**Source material:**
Start of Block

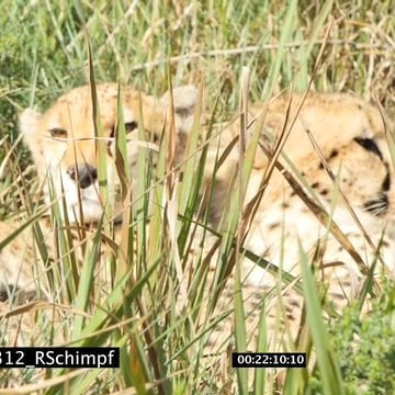 A coalition of cheetahs resting on tall grassland SCENIC GREEN
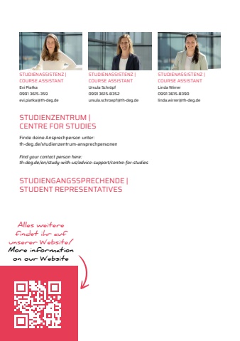 Alles weitere findet ihr auf unserer Website/More informationon our WebsiteSTUDIENASSISTENZ |COURSE ASSISTANTEvi Piatka0991 3615-359evi.piatka@th-deg.deSTUDIENASSISTENZ |COURSE ASSISTANTUrsula Schr%u00f6pf0991 3615-8352ursula.schroepf@th-deg.deSTUDIENASSISTENZ |COURSE ASSISTANTLinda Wirrer0991 3615-8390linda.wirrer@th-deg.deSTUDIENGANGSSPRECHENDE |STUDENT REPRESENTATIVESSTUDIENZENTRUM |CENTRE FOR STUDIESFinde deine Ansprechperson unter:th-deg.de/studienzentrum-ansprechpersonenFind your contact person here:th-deg.de/en/study-with-us/advice-support/centre-for-studies
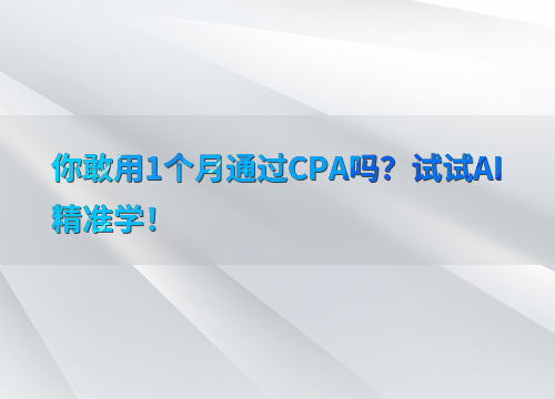 问:AI精准学能否保证一个月通过CPA?答:虽然不能保证绝对通过,但AI精准学能极大提升备考效率,助力你更高效地达成目标。
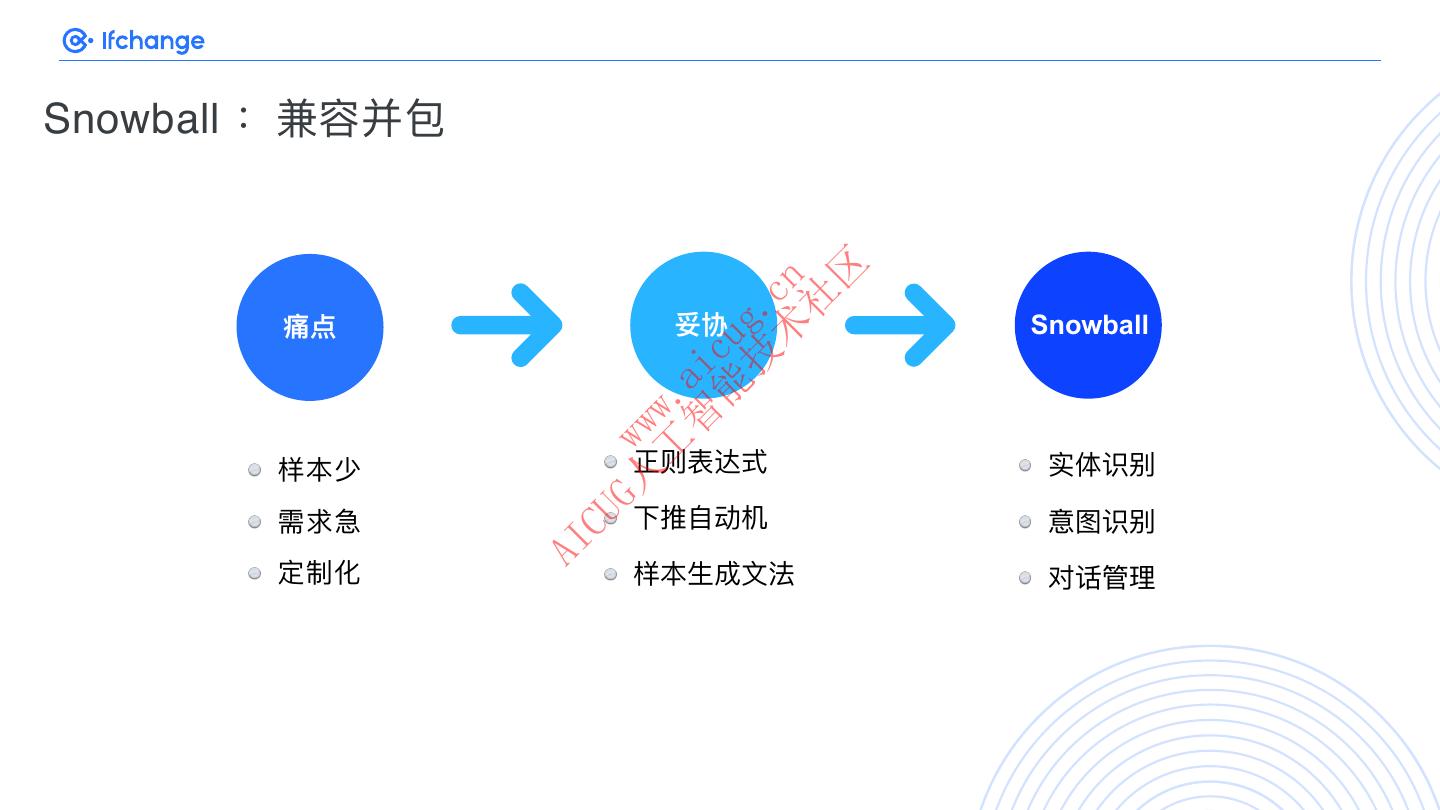 19 .Snowball :兼容并包 区 术 cn 社 技 g. 痛点 妥协 Snowball 能 cu 智 ai 工 . ww G人 w 样本少 正则表达式 实体识别 需求急 下推⾃自动机 意图识别 CU 定制化 AI 样本⽣生成⽂文法 对话管理理
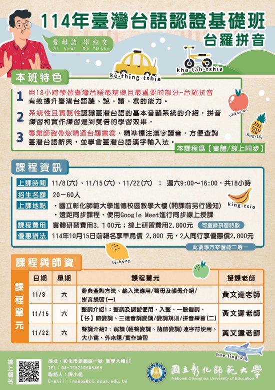 二、「114 年臺灣台語認證基礎班-台羅拼音」
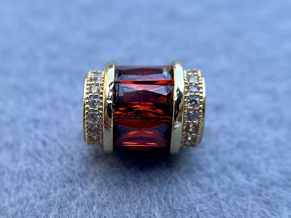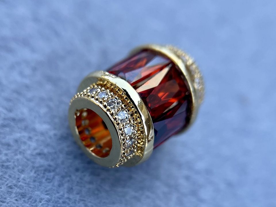 Намистини інкрустовані Кубічним цирконієм (також називаються намистинами з фіанітами) Покриття родій Колір-золото з кольоровим камінням. Розмір: 1,2 * 1см, отвір-0,5см. Ціна за 1шт З-за великого отвору ідеально підходить для різних видів прикрас, таких як: пандора, ланцюги, джгути, шкіряні браслети.

End of Block

**Problem to work on:** Print the data above exactly, from its first line to the line bearing "二、「114 年臺灣台語認證基礎班-台羅拼音」" inclusive, and keep pictures out of the result.

**Task result:**
 A coalition of cheetahs resting on tall grassland SCENIC GREEN
 Alles weitere findet ihr auf unserer Website/More informationon our WebsiteSTUDIENASSISTENZ |COURSE ASSISTANTEvi Piatka0991 3615-359evi.piatka@th-deg.deSTUDIENASSISTENZ |COURSE ASSISTANTUrsula Schr%u00f6pf0991 3615-8352ursula.schroepf@th-deg.deSTUDIENASSISTENZ |COURSE ASSISTANTLinda Wirrer0991 3615-8390linda.wirrer@th-deg.deSTUDIENGANGSSPRECHENDE |STUDENT REPRESENTATIVESSTUDIENZENTRUM |CENTRE FOR STUDIESFinde deine Ansprechperson unter:th-deg.de/studienzentrum-ansprechpersonenFind your contact person here:th-deg.de/en/study-with-us/advice-support/centre-for-studies
 问:AI精准学能否保证一个月通过CPA?答:虽然不能保证绝对通过,但AI精准学能极大提升备考效率,助力你更高效地达成目标。
 19 .Snowball :兼容并包 区 术 cn 社 技 g. 痛点 妥协 Snowball 能 cu 智 ai 工 . ww G人 w 样本少 正则表达式 实体识别 需求急 下推⾃自动机 意图识别 CU 定制化 AI 样本⽣生成⽂文法 对话管理理
 二、「114 年臺灣台語認證基礎班-台羅拼音」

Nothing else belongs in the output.